Data segment
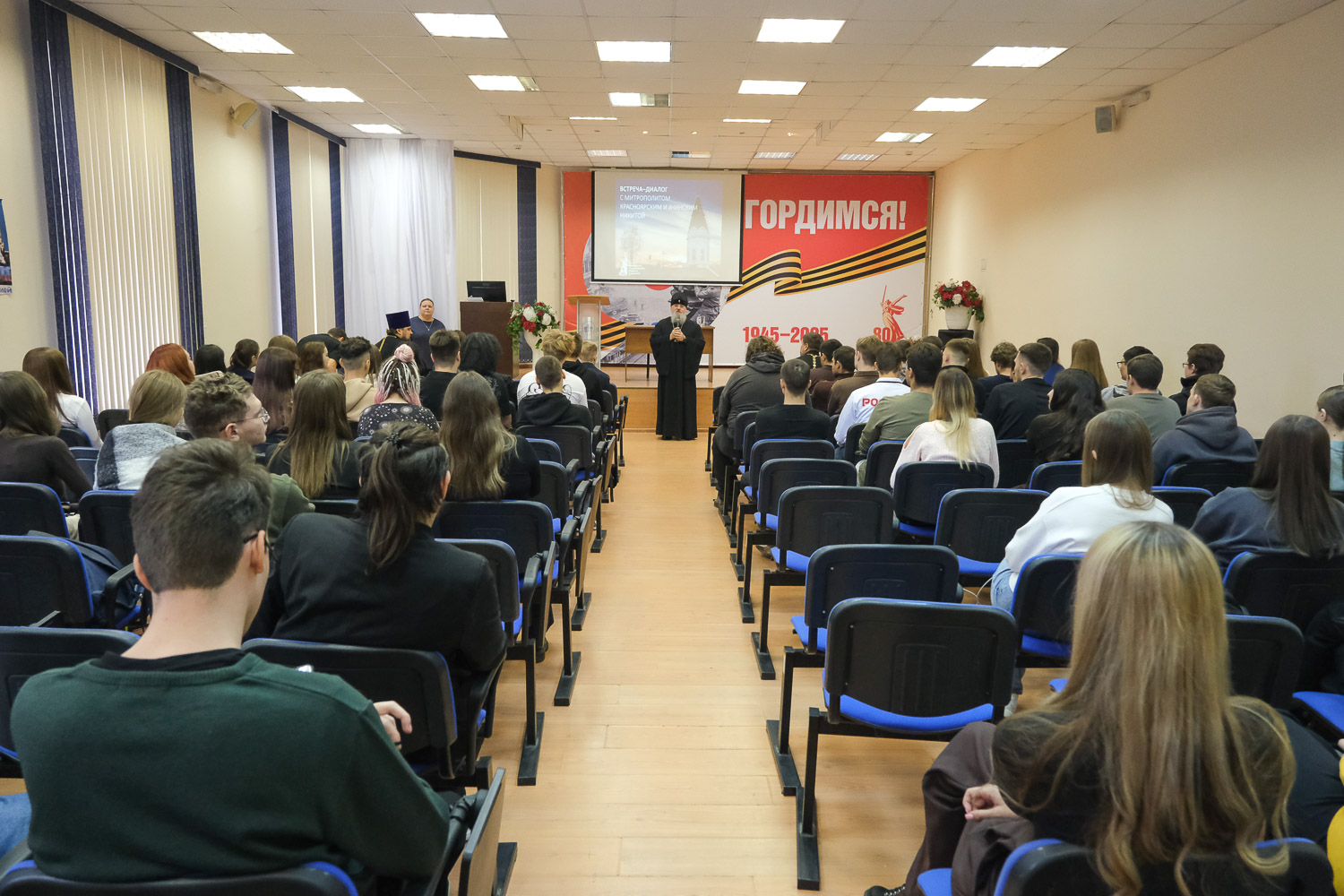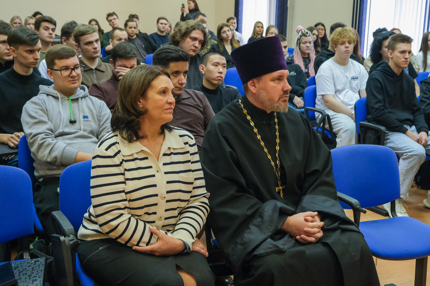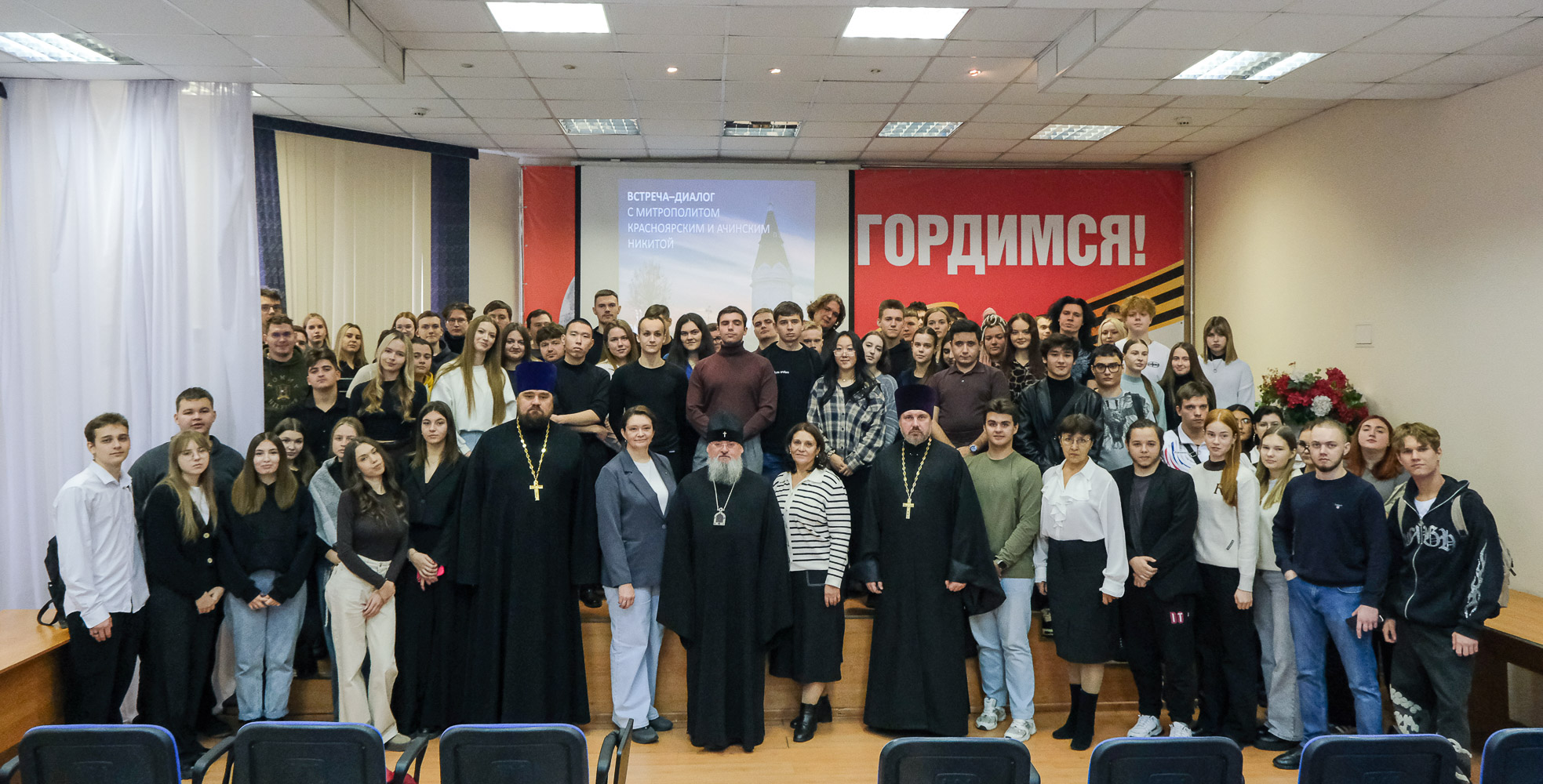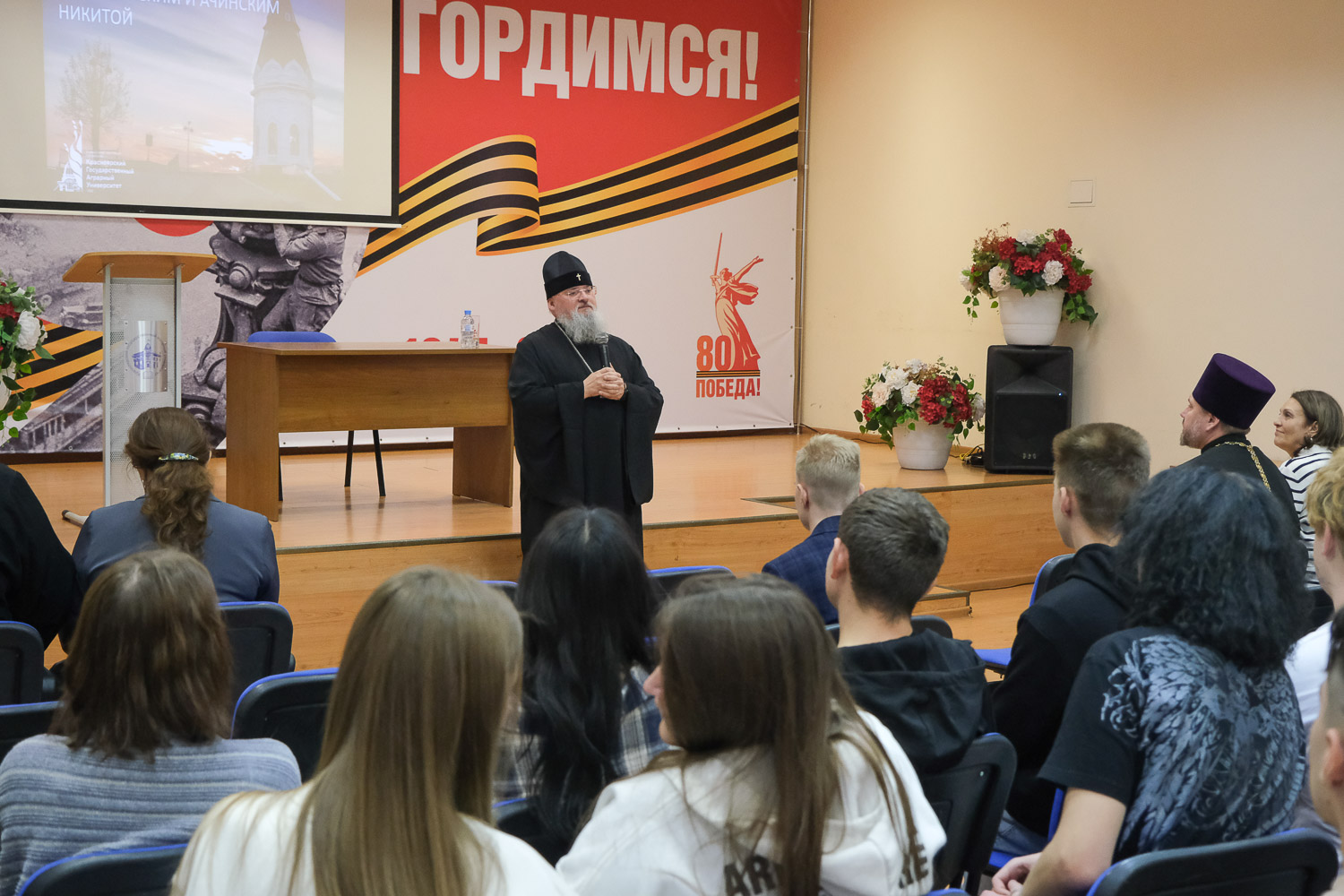 Далее состоялась встреча-диалог со студентами, которую вела начальник отдела молодёжной политики университета Валентина Сергеевна Веселкова. В начале встречи Владыка Никита обратился к студентам со словами:
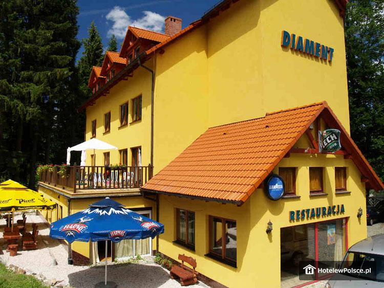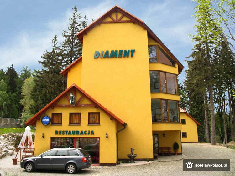 Hotel DIAMENT to nowy ośrodek o wysokim standardzie, oddający do dyspozycji 15 pokoi 2 i 3 osobowych, wyposażonych w pełny węzeł sanitarny, TV-Sat, telefon, sejf oraz radio. Do dyspozycji Gości oddajemy również 6-8 osobowy Domek znajdujący się w sąsiedztwie hotelu, w skład którego wchodzą: pokój dzienny z kominkiem, aneks kuchenny, dwie sypialnie z łożami, sypialnie z łóżkami osobnymi oraz 2 łazienki z pełnym węzłem sanitarnym.
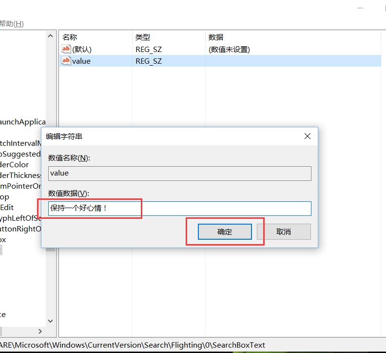 9、接下来,我们双击打开新建立的“value”选项,然后修改其键值,键值中的文字,即为我们想要修改的选项,这里我输入了自己想要看到的话。
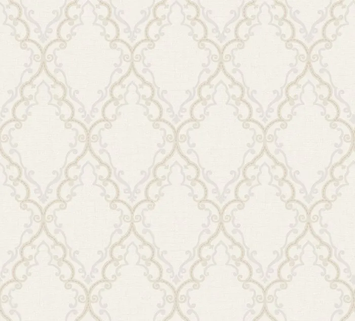 Обои Ada Wall Anka арт-1610-1 представляют собой виниловые обои на бумажной основе, предназначенные для использования в жилых помещениях, таких как гостиные и спальни. Их светлый цвет и классический рисунок в виде вензелей и ромбов создают атмосферу пространства и света.

The problem
Leave out the pictures and repeat the remaining data exactly.

Response to the task
 Далее состоялась встреча-диалог со студентами, которую вела начальник отдела молодёжной политики университета Валентина Сергеевна Веселкова. В начале встречи Владыка Никита обратился к студентам со словами:
 Hotel DIAMENT to nowy ośrodek o wysokim standardzie, oddający do dyspozycji 15 pokoi 2 i 3 osobowych, wyposażonych w pełny węzeł sanitarny, TV-Sat, telefon, sejf oraz radio. Do dyspozycji Gości oddajemy również 6-8 osobowy Domek znajdujący się w sąsiedztwie hotelu, w skład którego wchodzą: pokój dzienny z kominkiem, aneks kuchenny, dwie sypialnie z łożami, sypialnie z łóżkami osobnymi oraz 2 łazienki z pełnym węzłem sanitarnym.
 9、接下来,我们双击打开新建立的“value”选项,然后修改其键值,键值中的文字,即为我们想要修改的选项,这里我输入了自己想要看到的话。
 Обои Ada Wall Anka арт-1610-1 представляют собой виниловые обои на бумажной основе, предназначенные для использования в жилых помещениях, таких как гостиные и спальни. Их светлый цвет и классический рисунок в виде вензелей и ромбов создают атмосферу пространства и света.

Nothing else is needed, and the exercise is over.